» Required action
Leave out the pictures. Return every record otherwise untouched.

» Stored dataset items
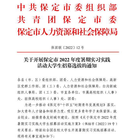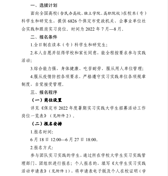 保定市开展的2022年度暑期实习实践活动老员工招募选拔已经开始报名。本次活动主要面向全国高校(含民办高校、独立公司、高职院校)在校本(专)科员工和研究生,共计提供6826个保定市党政机关、企事业单位社会实践和跟岗实习岗位,需要注意,报名时间为6月18日12:00—6月27日18:00。
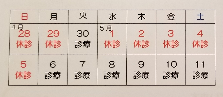 ゴールデンウイーク期間中の診療のお知らせです。4月27日(土)までは通常通り診療します。4月30日(火)・5月6日(月)は終日診療します。5月7日(火)以降は通常通り診療します。ご不便おかけしますが、よろしくお願いします。
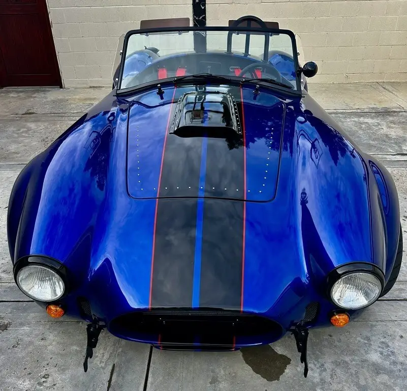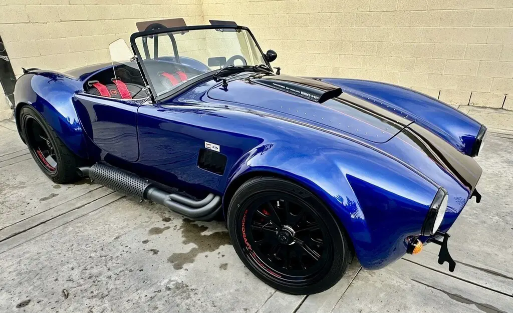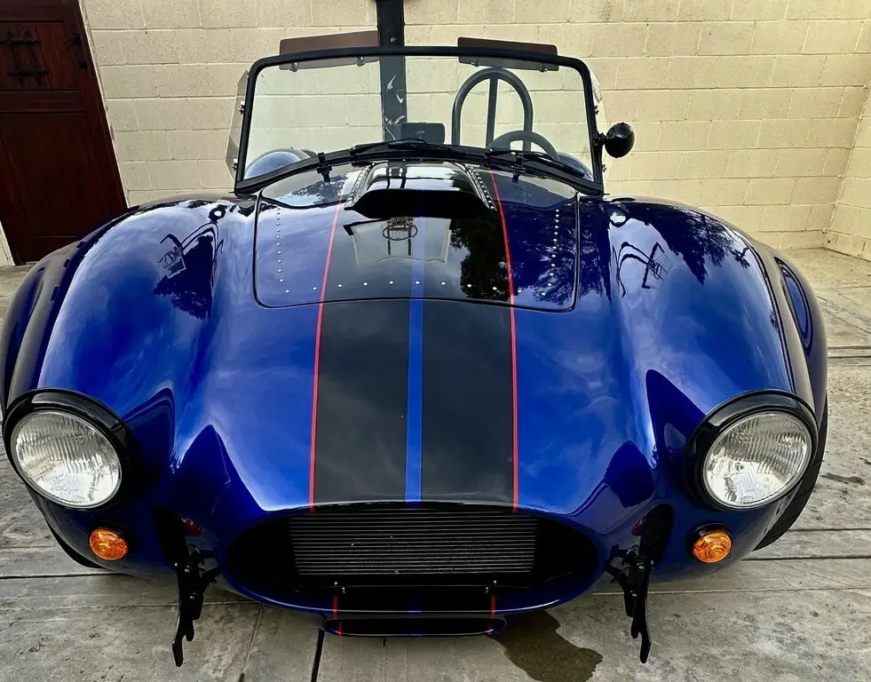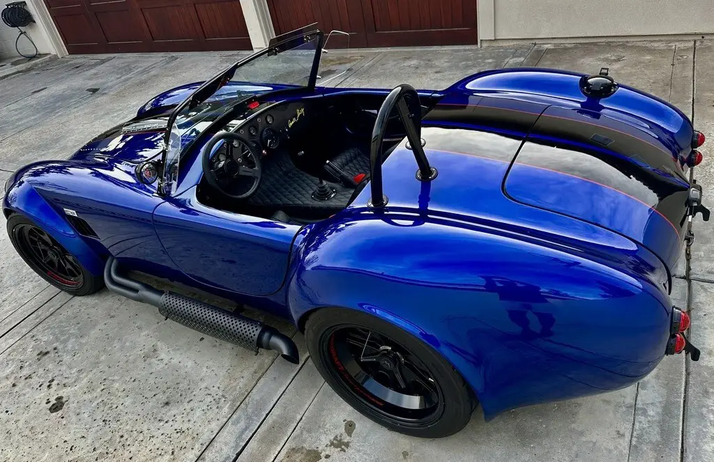 1965 Shelby Cobra Backdraft Racing Replica for Sale in Bakersfield, CA 93311 Roush 427R Crate 8 • 550 HP • 5-Speed Manual Offered for sale is this exceptional 1965 Shelby Cobra Replica, a professionally built Backdraft Roadster powered by a Roush 427R crate engine producing an exhilarating 550 horsepower. With only 1,316 miles, this Cobra presents in excellent condition and delivers the raw performance, sound, and presence these cars are famous for. Finished in a stunning deep blue exterior with black and red racing stripes, paired with a black leather interior accented in red, this Cobra is both aggressive and refined. &
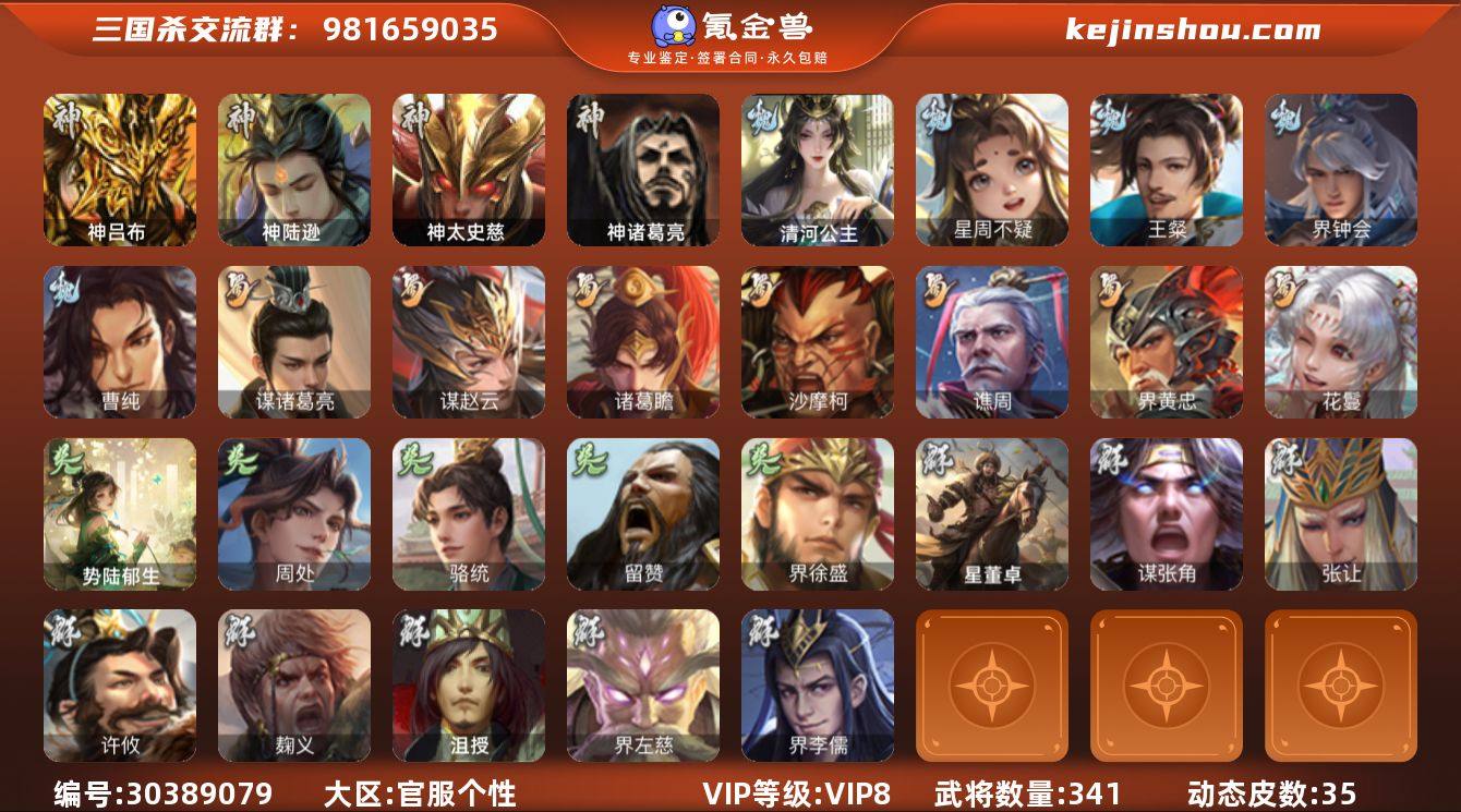 官阶:大将军;VIP等级:VIP8;史诗武将数量:31;动态皮肤数量:35;武将总数:341;史诗宝珠数量:1;将魂数量:1501;神将:5;魏国史诗武将:19;蜀国史诗武将:7;吴国史诗武将:5;群史诗武将:11
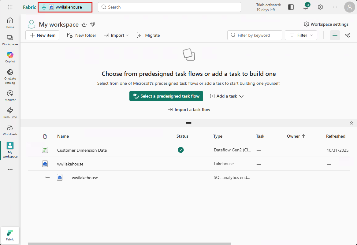 - Antes de crear un lakehouse, deberá crear un área de trabajo de Fabric.
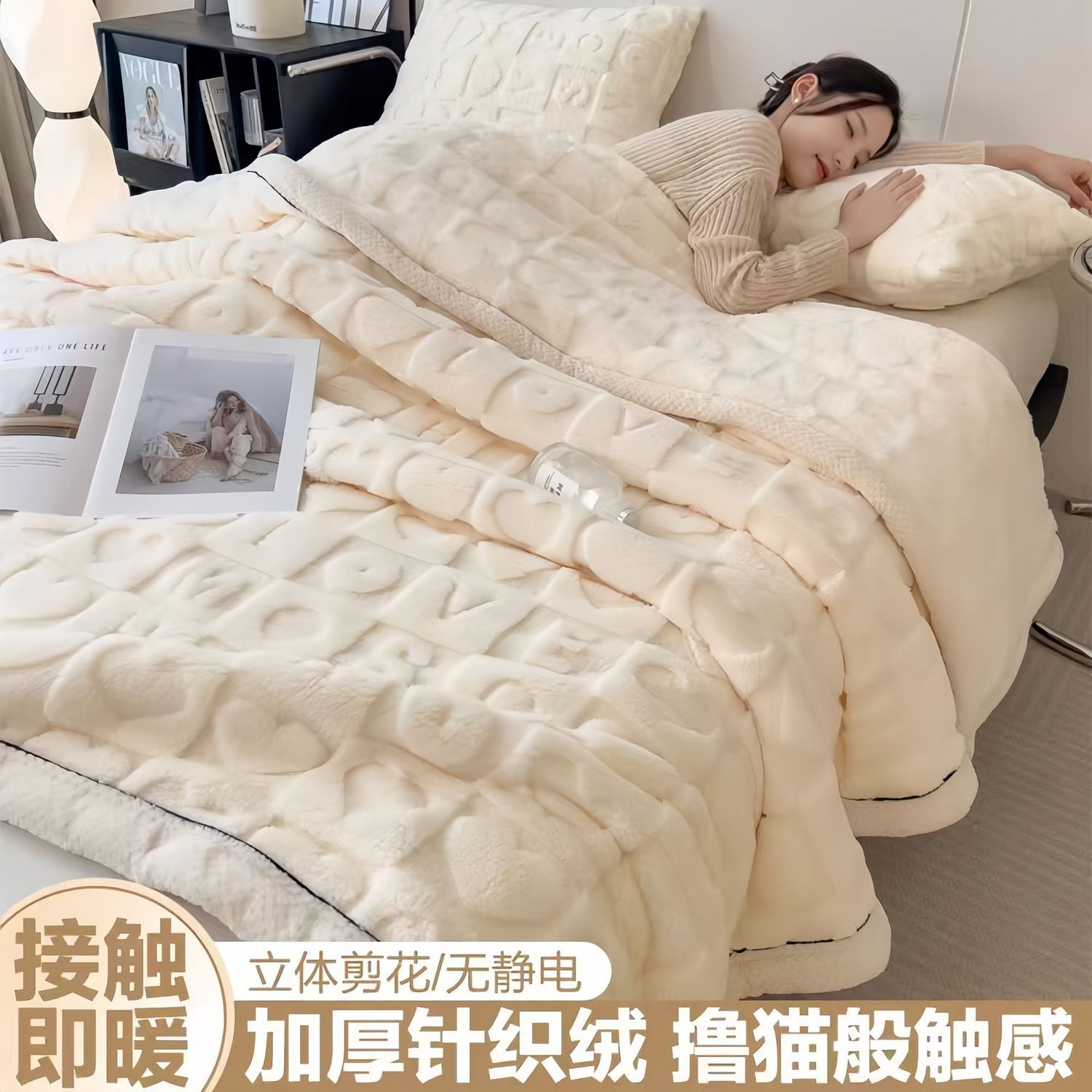 针织绒双人家用保暖盖毯宿舍毛毯法兰绒珊瑚绒毯子办公室午睡毯

» Task response
 保定市开展的2022年度暑期实习实践活动老员工招募选拔已经开始报名。本次活动主要面向全国高校(含民办高校、独立公司、高职院校)在校本(专)科员工和研究生,共计提供6826个保定市党政机关、企事业单位社会实践和跟岗实习岗位,需要注意,报名时间为6月18日12:00—6月27日18:00。
 ゴールデンウイーク期間中の診療のお知らせです。4月27日(土)までは通常通り診療します。4月30日(火)・5月6日(月)は終日診療します。5月7日(火)以降は通常通り診療します。ご不便おかけしますが、よろしくお願いします。
 1965 Shelby Cobra Backdraft Racing Replica for Sale in Bakersfield, CA 93311 Roush 427R Crate 8 • 550 HP • 5-Speed Manual Offered for sale is this exceptional 1965 Shelby Cobra Replica, a professionally built Backdraft Roadster powered by a Roush 427R crate engine producing an exhilarating 550 horsepower. With only 1,316 miles, this Cobra presents in excellent condition and delivers the raw performance, sound, and presence these cars are famous for. Finished in a stunning deep blue exterior with black and red racing stripes, paired with a black leather interior accented in red, this Cobra is both aggressive and refined. &
 官阶:大将军;VIP等级:VIP8;史诗武将数量:31;动态皮肤数量:35;武将总数:341;史诗宝珠数量:1;将魂数量:1501;神将:5;魏国史诗武将:19;蜀国史诗武将:7;吴国史诗武将:5;群史诗武将:11
 - Antes de crear un lakehouse, deberá crear un área de trabajo de Fabric.
 针织绒双人家用保暖盖毯宿舍毛毯法兰绒珊瑚绒毯子办公室午睡毯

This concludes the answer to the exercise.